── Recorded information

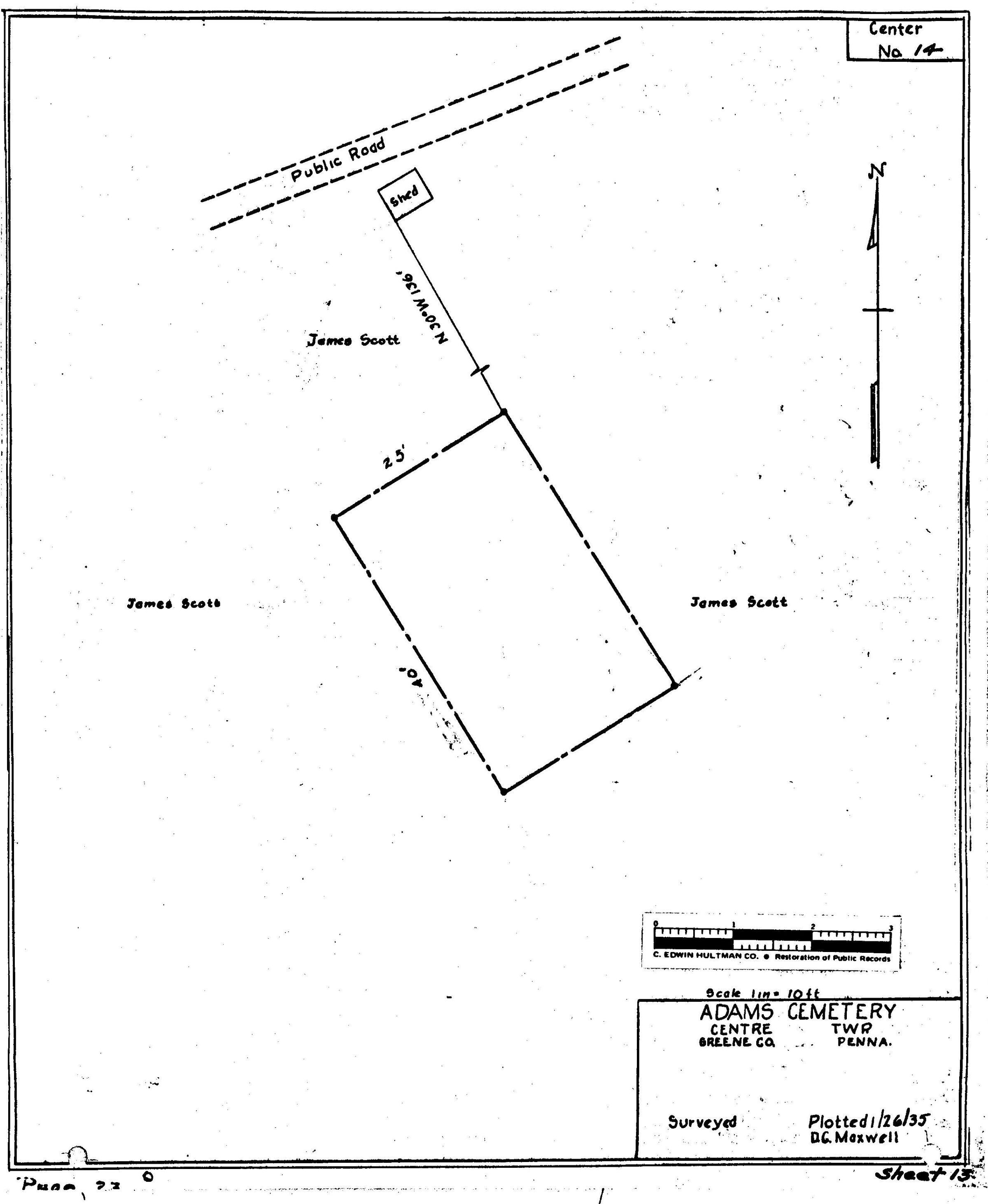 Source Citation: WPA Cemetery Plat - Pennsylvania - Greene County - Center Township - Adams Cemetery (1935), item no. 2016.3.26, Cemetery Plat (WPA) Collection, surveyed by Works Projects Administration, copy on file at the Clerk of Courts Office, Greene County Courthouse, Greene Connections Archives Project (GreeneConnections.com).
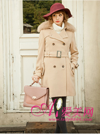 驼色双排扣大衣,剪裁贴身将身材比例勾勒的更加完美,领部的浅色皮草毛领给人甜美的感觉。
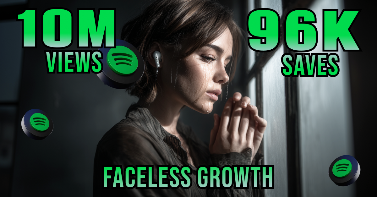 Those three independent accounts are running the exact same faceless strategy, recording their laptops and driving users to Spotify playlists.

────

Activity — From the line containing "驼色双排扣大衣,剪裁贴身将身" through the last line of the listing, inclusive, transcribe every line exactly and nothing else; the pictures stay out.

Written reply —
 驼色双排扣大衣,剪裁贴身将身材比例勾勒的更加完美,领部的浅色皮草毛领给人甜美的感觉。
 Those three independent accounts are running the exact same faceless strategy, recording their laptops and driving users to Spotify playlists.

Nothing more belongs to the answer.